I’ve recently been reading The Once and Future King by T. H. White which consists of four books, the first of which is entitled The Sword in The Stone.
For anyone into classic animation, this is the same story that was made into an animated feature by the same name. The film is very enjoyable, but as with all adaptations, it makes a few changes from the book in order for the story to flow better on film. In my opinion, they chose wisely as the book flows at a very odd pace, which brings me to my first point.
I’m not quite sure how to describe what age group this story is directed towards. The film is very much a children’s film intended for families. The book, however, is much too heady, in my opinion, to be classified as a children’s book. The book goes very deeply into detail in regards to certain things such as tilting (jousting), which takes up a rather large portion of certain chapters. The dialogue can also be difficult to understand as many of the terms that are used may be foreign to many readers today.
The plot centers around a young boy, The Wart as he is called, who will later grow up to be King Arthur. The Wart is an adopted son to a man named Sir Ector, who has a son named Kay who is two years older than The Wart. The film depicts The Wart as a sort of Cinderella character who lives a life of servanthood and shame underneath superiors. The book, however, is not like that at all. Sir Ector is a very kind-spirited man, and The Wart and Kay get along fairly well. Together, the two of them go on adventures, many of which are set up by their tutor, Merlin. Throughout the book, Merlin, who is a magician, changes The Wart into several creatures in order to teach him about them. The lessons he learns are thorough and full of deeper meaning, however the book seems to leave all the lessons as rabbit trails rather than bring them into focus later on.
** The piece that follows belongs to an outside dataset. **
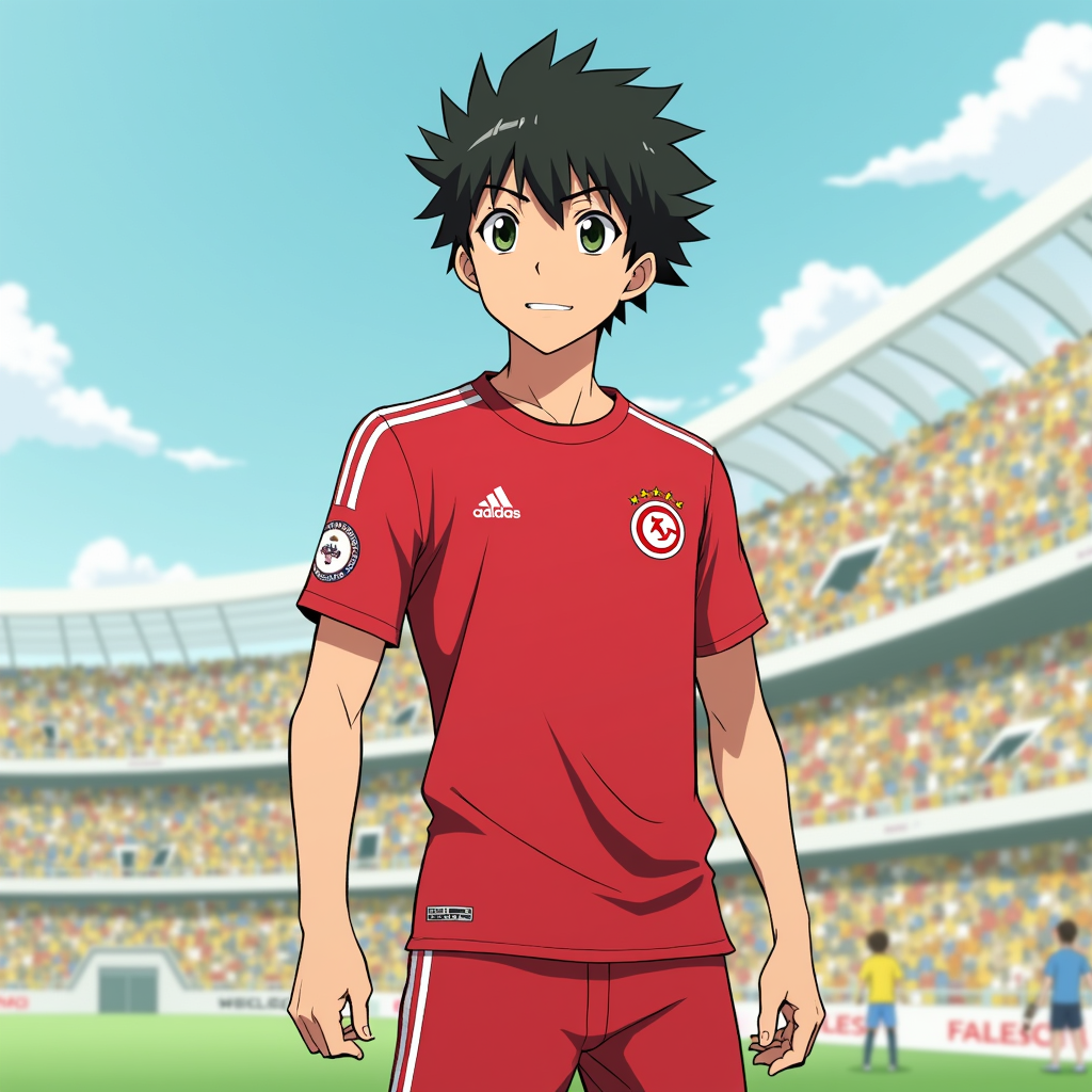 صورة  لاللاعب ناغي سينشيرو من أنمي بولوك لكرة القدم و هو يرتدي قميص المنتخب التونسي

I didn’t mind this, as it made the book less on the nose with its message, however it seemed to flow rather inconsistently.
The best part of the book, in my opinion, is the humor. The book is very funny and lighthearted, and the adult characters are very well drawn out. The film depicts many of them as bumbling imbeciles, but the book gives them a good amount of layer. Many of them are very hilarious individuals, but they all have rich natures about them and never feel like cardboard characters. The dialogue, although harder to grasp for some at times as I mentioned, is very funny. My favorite line comes very early in the book when The Wart gets lost in the woods looking for his hawk:
” ‘Oh,’ thought he, ‘now I am truly lost, and now there is almost no alternative except to have my nose bitten off, or to be pierced right through with one of those waspy arrows, or to be eaten by a hissing dragon or a wolf or a wild boar or a magician – if magicians do eat boys, which I expect they do.’ “
Overall, the book does a fantastic job of describing historical things such as tilting and hawk flying, and it also describes Old England in very rich detail. It also does a frighteningly good job of describing the creature points of view when The Wart is changed into creatures such as a hawk, an ant, an owl, and several others. These cleverly detailed detours from the main story made for some interesting reading.
My main issue with the story is that is doesn’t always seem to be going anywhere. It feels like it was intended to be extra for those who are already very familiar with the story of King Arthur. At times it does well as a good set up for King Arthur, but at other times it seems very much just like a story meant to fill in the gaps. The author, T. H. White, does very well at running with the character of the Wart, but the second portion of the larger story of The Once and Future King seems as if it is leaving out a lot of major plot points as less than half of the book follows King Arthur’s story, and the little I have read of the third portion feels similar.
To conclude, I haven’t enjoyed The Once and Future King as a whole, however, The Sword in The Stone seems so far to be the best of the lot. For the rest of King Arthur’s life, I would recommend looking elsewhere, (and there are ALOT of books dedicated to his life) however, if you are looking for an entertaining, cleverly written story about the early days of King Arthur, The Sword In The Stone truly is an enjoyable read. I would recommend it to anyone who, as C.S. Lewis would say, is old enough to start reading fairy tales again.
Did you enjoy this review? What’s your favorite King Arthur story?